Share on other sites

2 hours ago, hiemal said:

The Many-Faced (phased) God probably grants some kind of divination ability to his followers- how else would Jaqen have known where and when to find Arya?

I think the weirwoods are the source of all magic in ASOIAF and you get them to work their magic by feeding them blood, and was surprised that no-one mentioned weirwoods until page 2.  

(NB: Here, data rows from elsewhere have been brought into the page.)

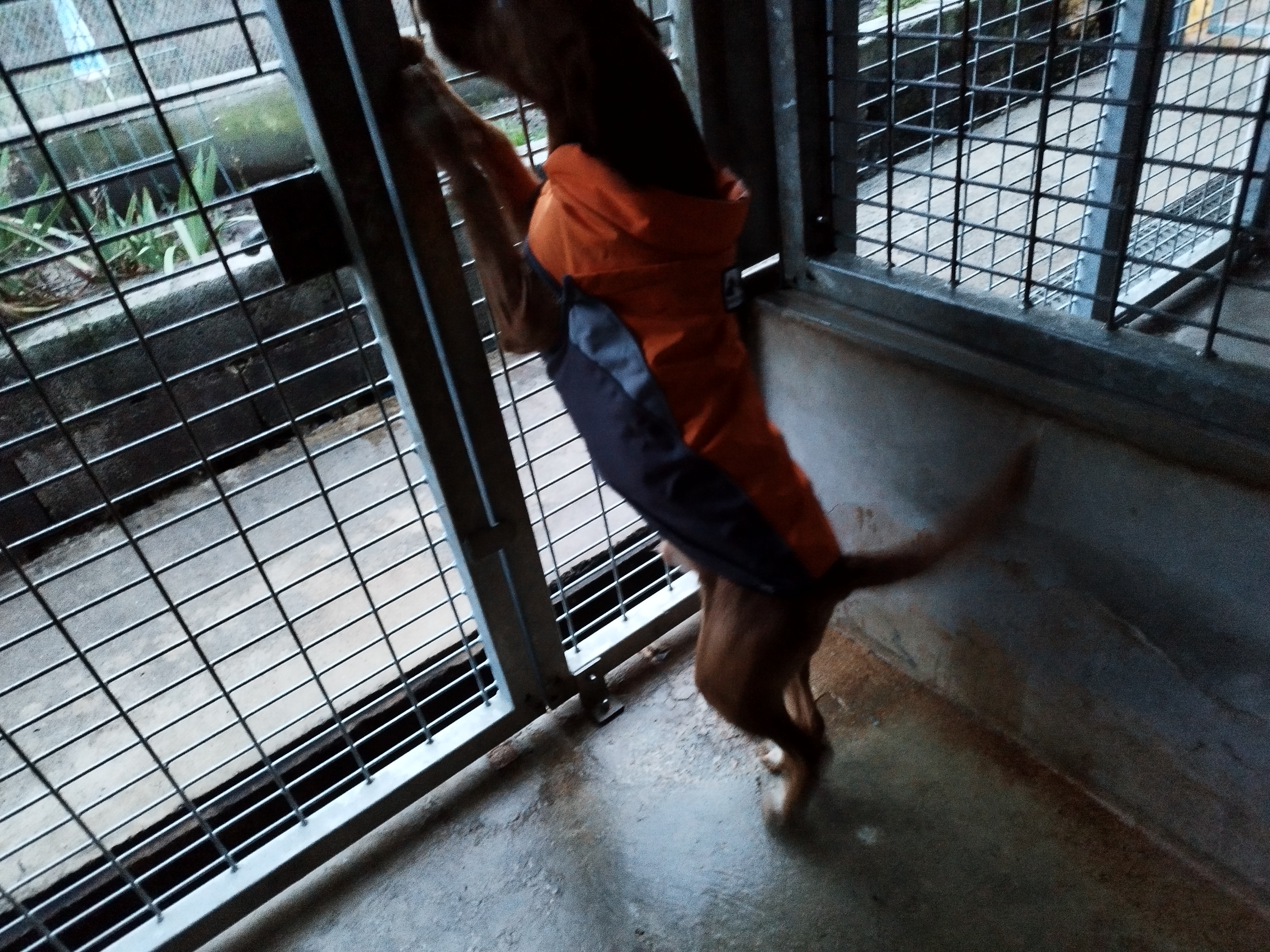 Hier, en fin d’après-midi, des chiens ont eu droit à une séance d’essayage de manteaux et de pulls. On a privilégié les chiens à poils courts. Choubaka a refusé catégoriquement son manteau et l’a détruit en quelques minutes. Certains avaient l’air tout contents d’être parés contre le froid (Titaz, Jack). Pour les autres, ce sera la surprise aujourd’hui : auront-ils accepté leur parure d’hiver ou la retrouvera-t-on par terre, entière ou en mille confettis ? Nous vous tiendrons informés ! Si vous avez des manteaux et des pulls pour chien qui ne vous servent pas, nous sommes preneurs ! Il nous faut des modèles qui leur permettent de faire leurs besoins, sans être gênés. Merci d’avance !
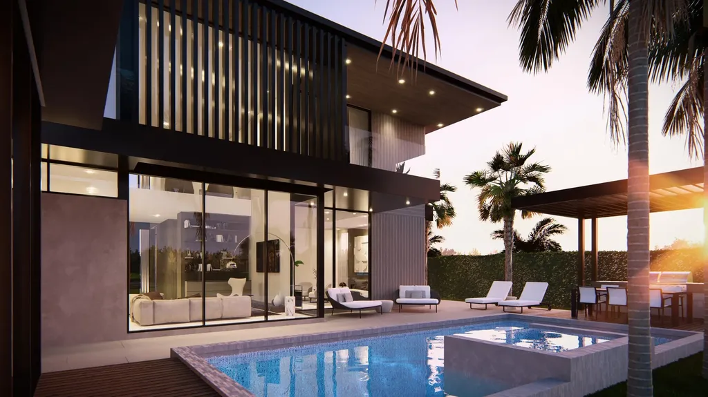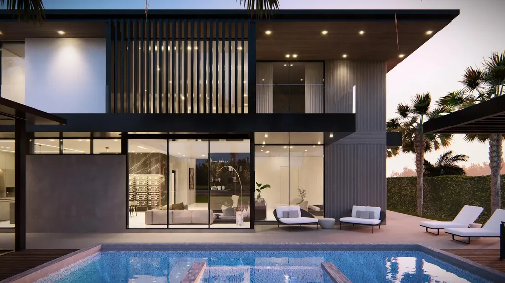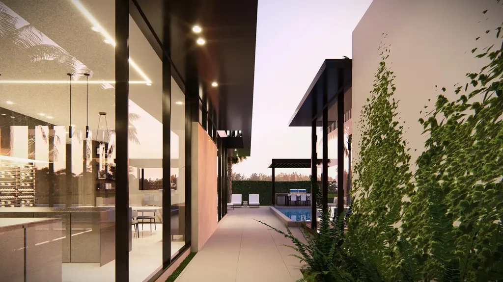Presenting an unparalleled opportunity to acquire a luxurious new construction estate within the esteemed Boca Villas community at 300 NE 11th Street. This architectural tour de force, brought to life by the renowned Empire Development Group, spans 7,126 square feet and epitomizes the perfect fusion of sophisticated design and contemporary functionality. Upon entry, soaring 24 ft. foyer ceilings greet you, magnifying the grandeur of the space and setting an elegant tone that resonates throughout the residence. Known for their meticulous attention to detail, Empire Development has crafted this home using the finest materials and finishes. The residence offers six generously proportioned bedrooms, each with its own en-suite bathroom and private balcony or patio. An elegant powder room on the main level further enhances convenience for both residents and guests. Designed with functionality and sophistication in mind, the home includes dual offices -one on each level, a wine room discreetly nestled beneath the staircase, a second-floor family room, and a private elevator for effortless access. For added luxury, a fully appointed guest house is thoughtfully designed to offer a bedroom, full bathroom, and living area complete with a kitchenette, making it the perfect retreat for overnight visitors or a serene poolside lounge area.
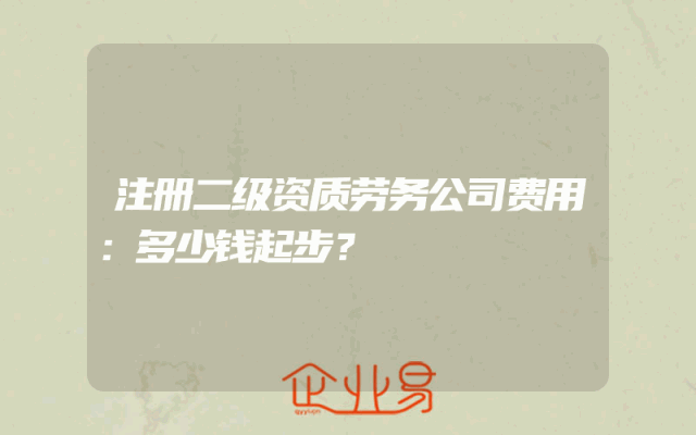 - 注册二级资质劳务公司费用详解:多少钱起步?一、前言随着经济的发展和劳动力市场的繁荣,劳务公司如雨后春笋般涌现。注册一家拥有二级资质的劳务公司,是许多创业者的目标。但注册费用并非一成不变,会受到多种因素的影响。本文将详细解析注册二级资质劳务公

With regards to Braavos, I think it is a metaphor for the weirwood network.  The weirwoods all literally the many faced god, the HoBW is a direct parallel to Bloodraven's cave with skulls in niches, there is almost certainly a weirwood under the HoBW ( "All the color is gone, Bran realized suddenly. The world was black soil and white wood"), and many things about Braavos have weirwood connotations (The Isle of Gods, Moonsingers = CoTF, House of the Red Hand, the Titan is a green stone giant with  that eats children, it is illegal to cut down trees, it is a secret city like the CoTF secret trees towns and Greywater Watch, ruled by the Sealord --there is a play on words between sea and see, "under the sea" is a metaphor for greenseeing.

Quote
A thousand leaves fluttered, and for a moment the forest seemed a deep green sea, storm-tossed and heaving, eternal and unknowable.
Ghost was not like to be alone down there, he thought. Anything could be moving under that sea, creeping toward the ringfort through the dark of the wood, concealed beneath those trees. Anything. How would they ever know? He stood there for a long time, until the sun vanished behind the saw-toothed mountains and darkness began to creep through the forest.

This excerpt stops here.